2023-02-19 09:38:48 | Weblog

アポ電を受けた方から聞いた話。ナンバー表示を確認せず電話にでてしまったが、相手の声は誰なのだろうかと考えると同時に頭の中は自分の知っている人の声に似ている、だからその人に違いないと決めつけようという気持ちが自然に働くというのだ。ここに騙されるポイントがありそうである。結果は、話をしているうちに疑問がわいて事なきを得たそうだが、スレスレだ。

 

『田中清玄 二十世紀を駆け抜けた快男児』(徳本栄一郎著 文芸春秋 2022年刊) 

近くの図書館の新刊コーナーから借りた。ご存知田中清玄の破天荒な一生を描いた血湧き肉踊るエンターテインメント作品だ。面白かった!星★★★★。読んでいてワクワク感が止まらなかった。久々のことだ。

本書は清玄氏の一生を追いかける。北海道七飯町生まれ、会津藩につながる。戦前は武装共産党のリーダー。獄中で「転向」。敗戦後すぐに昭和天皇に拝謁し、天皇を守るために働くことを誓う。変電所を破壊しようとする日共に対しアウトローたちを電源防衛隊として組織して闘う。1960年安保では長州出身の岸信介らと対峙した唐牛健太郎(北海道紋別市生まれ)全学連委員長らに逃走資金を援助。1960年代にその後のオイルショックを見通す中で中東における国産石油の採掘権を獲得。晩年は環境活動家。

新自由主義経済を唱えるハイエク氏と交流、オットー大公を通じて欧州の独自情報を昭和天皇に伝えるなど、傍から見ると右翼なのか左翼なのか、何が何だかわからなく見えるが、清玄氏の中では全くブレていない。この国のために働いているのだ。これと思ったら相手の懐に飛び込む。相手を惚れ抜く。噓をつかない。約束を守る。

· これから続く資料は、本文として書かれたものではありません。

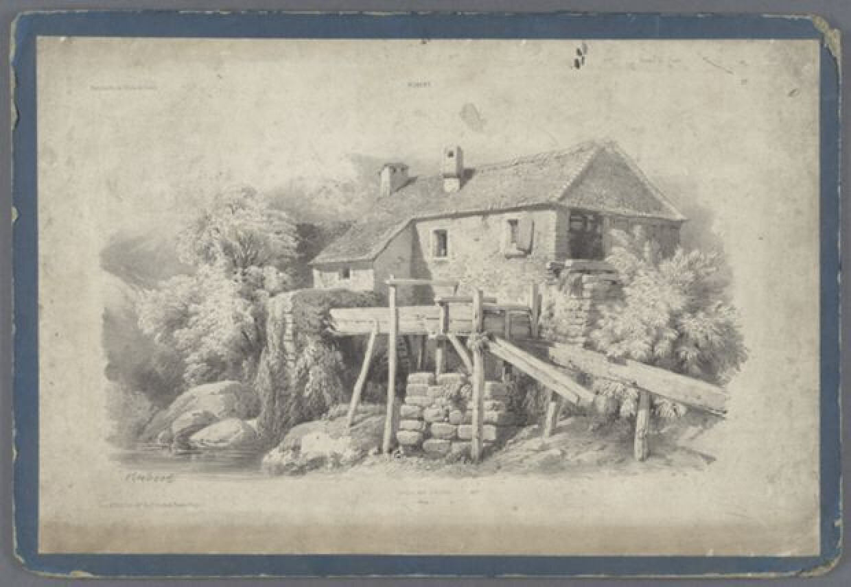 19de eeuwAcademische prent van een uitzicht op een molen, naar ontwerp van Hubert. Lithografie in zwarte inkt, verlijmd op een steunkarton bekleed met blauw papier. De prent werd uitgegeven bij Monrocq (Parijs) binnen de reeks "Portefeuille de l'Ecole de Dessin", wellicht ca. 1853-1855. Het gaat om plaat 77 uit deze reeks. Een molen is weergegeven aan een rivier. Zowel links als rechts is er wat vegetatie te zien. In de voorgrond liggen enkele rotsblokken aan het water. Deze lithografie is afkomstig van de Academie Brugge. De prent diende wellicht als didactisch materiaal.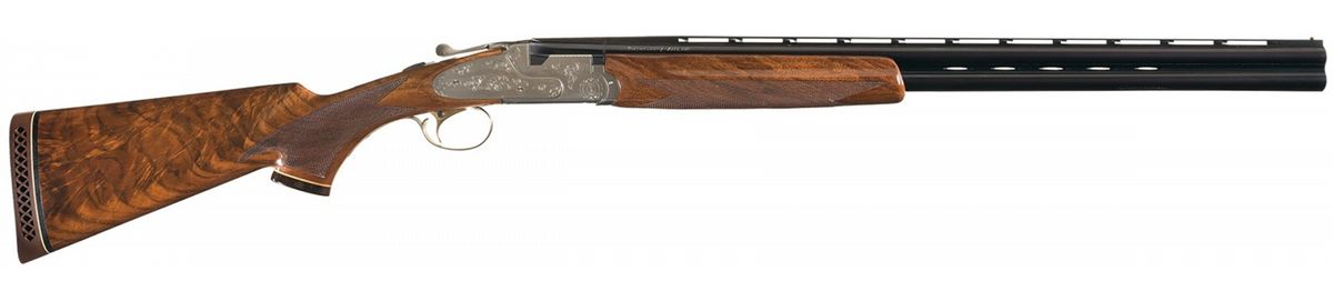 Introduced in 1989. There is floral scroll engraving on the receiver, side plates, trigger guard and break lever. The barrel has a single brass bead sight, is threaded for choke tubes with cylinder/cylinder installed and 3 inch chambers with ejectors. Mounted on a beautifully figured multi-point checkered walnut forearm and pistol grip stock with a contrasting grip cap and a factory recoil pad. Length of pull is 14 inches.
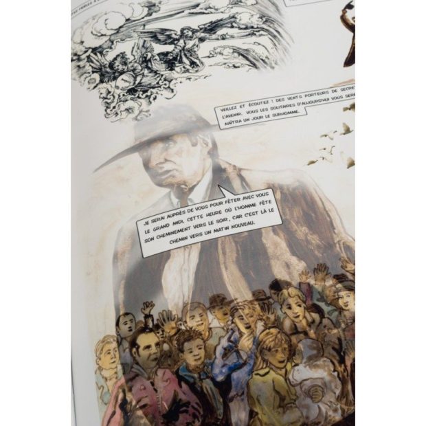 pierre-heber-suffrin-zarathoustra-nietzsche-bdAprès deux ans de travail, le premier tome de l’œuvre majeure de Nietzsche sort enfin. La BD est très fidèle au texte initial du philosophe dans la traduction de Hans Hildenbrand (Kimé, 2012). On suit Zarathoustra – le nouveau prophète d’un dieu unique – dans sa quête, ses rencontres et ses réflexions. Première surprise : là où on s’attendrait à une représentation du genre enturbanné et en tunique (comme on imagine les hommes de l’époque), on découvre un Zarathoustra au look d’Indiana Jones avec son chapeau ! Il tente de prêcher dans une ville à l’allure stambouliote, traverse des paysages évocateurs du Far West, du Japon, ou de l’île de Pâques. Il croise des « bouffons solennels » qu’on identifie sans peine. On reconnaît le Discobole, un archer assyrien, Vinci, Wagner, Hopper, Rubens, Botticelli… Bonne idée : pour chacun des thèmes abordés, une « chouette » philosophe donne un éclairage pédagogique bienvenu qui délivre des clefs pour une meilleure compréhension de cette pensée originale et poétique. « Vouloir libère », certes. Reste qu’il faut une bonne dose de volonté pour décrypter le message de Nietzsche ! Comme les textes sacrés, il est tellement alambiqué qu’on peut l’interpréter à sa guise. N’est-ce-pas, Adolf ?

山口組の田岡一雄とはマブダチだが、児玉誉士夫は売国奴であり許すことができない。日米安保条約は国を売る行為だから岸信介は許せないが、唐牛健太郎らブント全学連の安保反対闘争は国を守るためにやっているのだから可愛がった。そこに長州対会津の怨念も混じっている。日共はソ連に国を売っている。石油メジャーの言いなりではなくこの国自前の油田を開発し自主エネルギーを持つべきだ。岸信介を許せないという清玄氏はおそらく統一教会と岸信介の関係も知っていたのだろう。何がこの国にとって正しいのか、そして何をするべきなのか、その義に純粋に本気で殉じた人物といえよう。